Neave was alleged to have treated all her children in a ‘savage’ manner. She is pictured above in 2016 with her husband Gary Rogers

Neave is seen struggling with police as they try to put her into a prison van a year after her arrest for her son’s murder


Rikki is pictured left with his father Trevor Harvey. Harvey ended his relationship with Rikki’s mother when his son was aged three. Right: A beaming Rikki during his short life

In May of 1995, she was charged with his murder.

At her trial, it emerged that officers had found a picture of Leonardo Da Vinci’s famous Vitruvian Man inside a book that was in her home.

The picture depicted a figure in the cruciform position – the exact shape that Rikki had been found in.

Prosecutor James Hunt said police also found a book called Magik, by well-known occultist Aleister Crowley, which Neave was ‘very familiar with’.

The book spoke of sacrifice and the need to ‘choose a victim such as a male child of perfect innocence and high intelligence’, Neave’s trial heard.

The prosecution alleged that Neave had strangled her son by grabbing him by his anorak, lifting him up and twisting its cloth. It was said to be a method she had previously used to punish him.

At the time of his death, Rikki was living with his mother and two younger sisters on the 1970s Welland Estate in Peterborough. His older sister, Rebecca, who was aged eight at the time of his death, was living in foster care. Above: A photograph of Rikki’s bedroom that was shown in court during Watson’s trial

The filthy kitchen of a house Rikki lived in with his mother, Ruth, on Redmile Walk in Peterborough 

Jurors also heard how, ten days before Rikki’s death, Neave told Cambridgeshire social services that she would kill her son if he was not taken into care.

But after 16 days of proceedings, she was found not guilty of Rikki’s murder and instead began a seven-year sentence for inflicting horrific and repeated cruelty on her son.

The case had hinged on the evidence of policeman PC Robert McNeil, who, on the night Rikki disappeared, did not find the child’s body when he searched the woods in which he was later found.

Whilst the prosecution had claimed the officer missed it in the dark, jurors acquitted Neave after being told she would not have had time to move his body after that time because police were with her.

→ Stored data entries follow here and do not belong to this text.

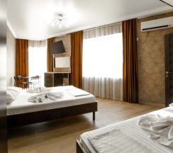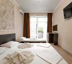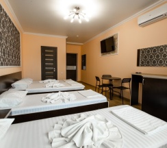 Во всех номерах имеется все необходимое для хорошего отдыха: телевизор с плоским экраном, кондиционер, холодильник. санузел, душевая, Wi-Fi .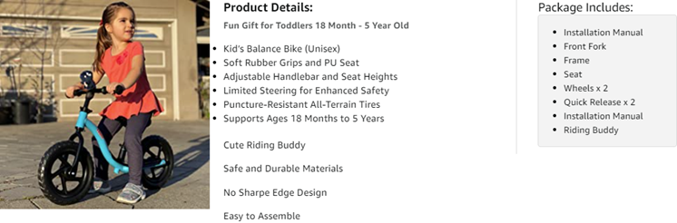 - EXTRA-THICK ALL-TERRAIN TIRES – We want kids to feel strong and stable when they’re moving on grass and sidewalks which is why we added puncture-resistant tires to the front and back of each balance bike for 4-year old’s and 18-month-old riders.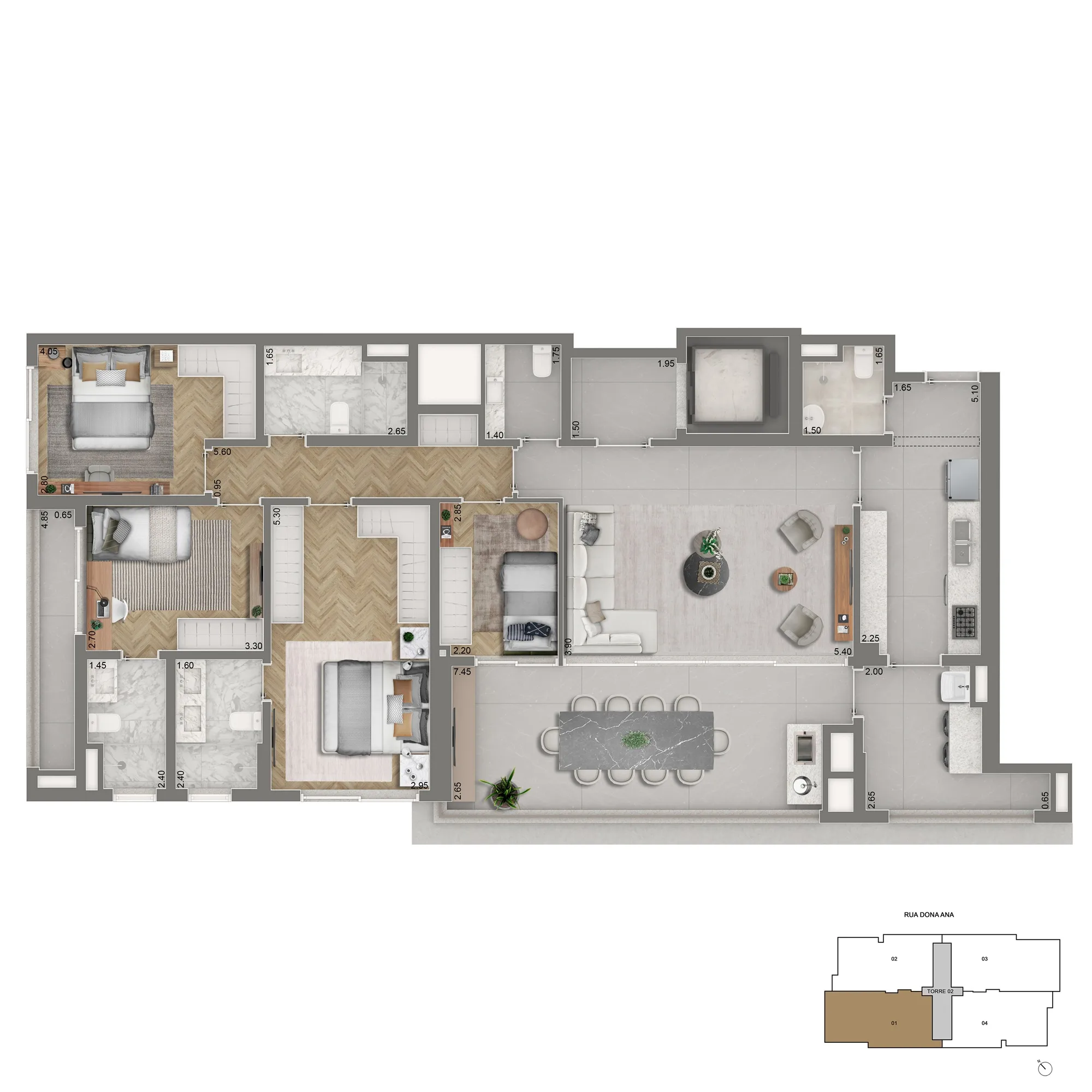 Com uma arquitetura imponente e referências estéticas internacionais, o empreendimento combina materiais nobres, proporções equilibradas e uma atmosfera pensada para oferecer bem-estar, silêncio e sofisticação em cada detalhe.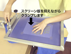 マッチングが完了しましたらスクリーン版がずれない様に片手で抑えクランプバーのネジを締めて、スクリーン版をクランプします。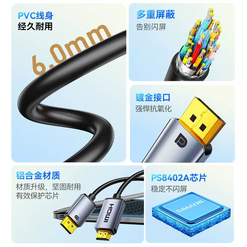 | nameOriginal | Shanze DP to HDMI adapter cable 4K HD video converter cable DP to HDMI suitable for laptop computer |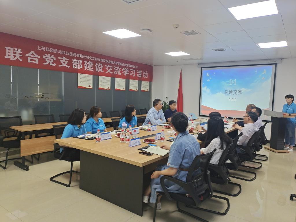 随后,药管党支部和上药陕西公司党支部进行了联合党支部建设学习交流座谈会。于清泽介绍了公司发展历程、经营情况、发展目标,以及党组织建设、企业文化、发展理念等情况,刘根牢介绍了学校和药物与化工学院基本情况和党建特色双方党员、入党积极分子交流了党史学习教育、支持主体业务发展等问题。双方均表示,校企联合党支部是拓展党建学习交流,提升党建水平的重要形式,希望双方以学党史、悟思想、办实事、开新局为指导,以联合党支部建设协议书为基础,在思政教育、团队建设、业务合作等方面加强交流,使联合党支部建设进一步拓展和深化校企合作,为校企共同发展提供理论和精神动力。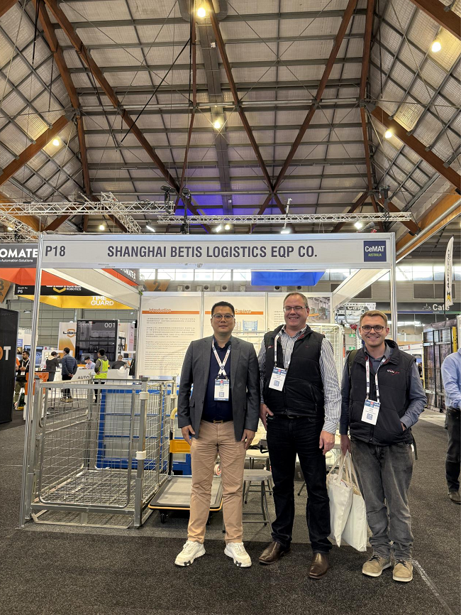 Shanghai Betis Logistics Equipment Co., Ltd. is pleased to announce our participation in CeMAT Australia 2025, held in Sydney, Australia in July 2025. Our team exhibited at Booth P18, presenting our latest logistics equipment solutions, including wire mesh containers, roll cage trolleys, foldable steel stillages, and stacking racks, drawing strong interest from industry professionals across Australia and the Asia-Pacific region.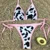 Cow Printed 2pcs Sexy Women Summer Swimwear Bikini Set G-String Thong Beach Triangle Suit Swimsuit Bathing Suit Swimming Suit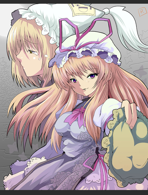2girlsblonde hairbreastsdressfemale focusgradient backgroundhatlong hairmultiple girlspurple eyesshort hairtearsyellow eyes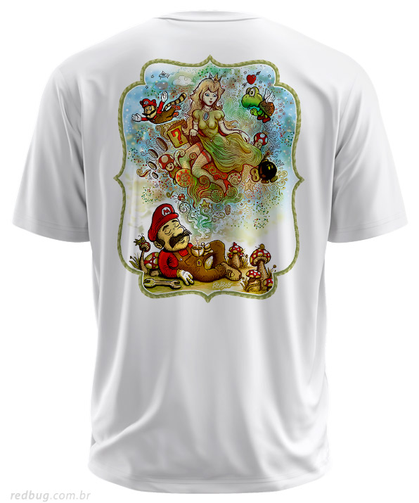 Uma homenagem ao descanso do herói dos games com um toque diferenciado. A camiseta Mario's Dreams traz a ilustração principal nas costas, revelando os sonhos do encanador, enquanto a frente exibe o escudo do besouro RedBug no peito. Modelagem masculina confortável e cheia de personalidade.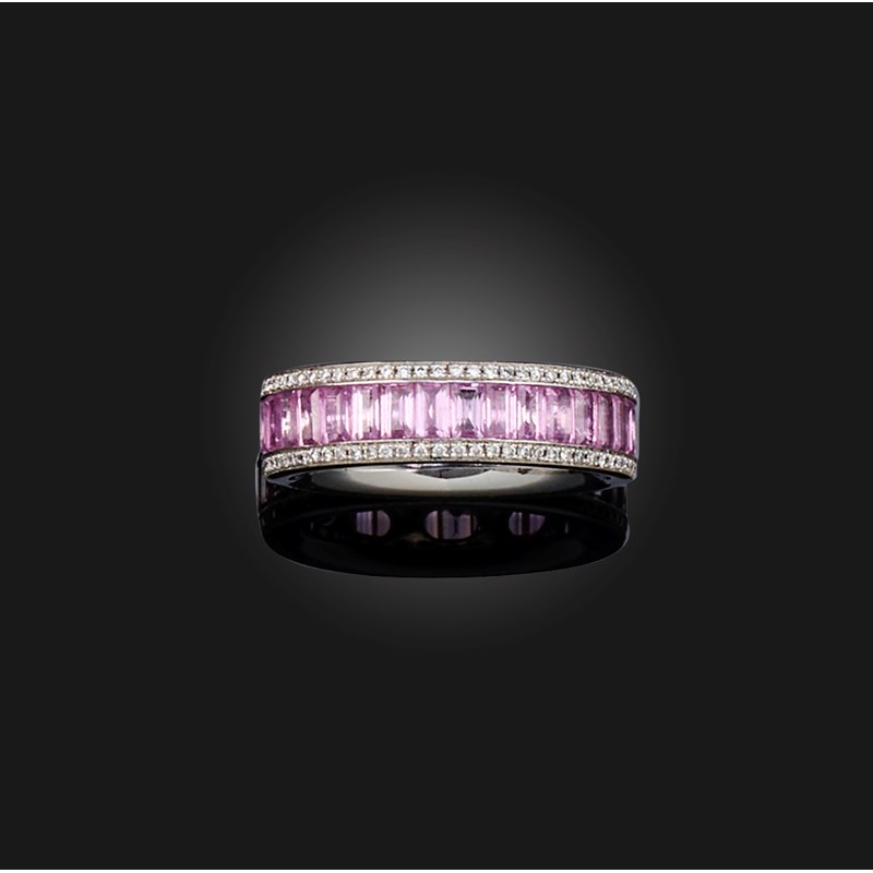 A pink sapphire and diamond eternity ring, channel-set with step-cut pink sapphires within

Jurors also heard how, ten days before Rikki’s death, Neave told Cambridgeshire social services that she would kill her son if he was not taken into care. Pic: The living room of the home where Rikki lived 

The instances of abuse recounted in her trial included one occasion where she squirted washing up liquid into Rikki’s mouth. In another, she had kept him away from school because she had ‘knocked him black and blue’.

If Rikki annoyed his mother, she would ‘hit him so hard that she would knock him to the floor,’ original prosecutor Christopher Metcalfe had said in her trial.

Neave often locked Rikki’s sisters naked in their bedrooms, and she was said to have spent up to half of the money she received in benefits on drugs.

After Neave was released from prison in 2000 following her child cruelty conviction, she campaigned to have the inquiry into Rikki’s murder reopened. Today sees her long battle finally reach its conclusion.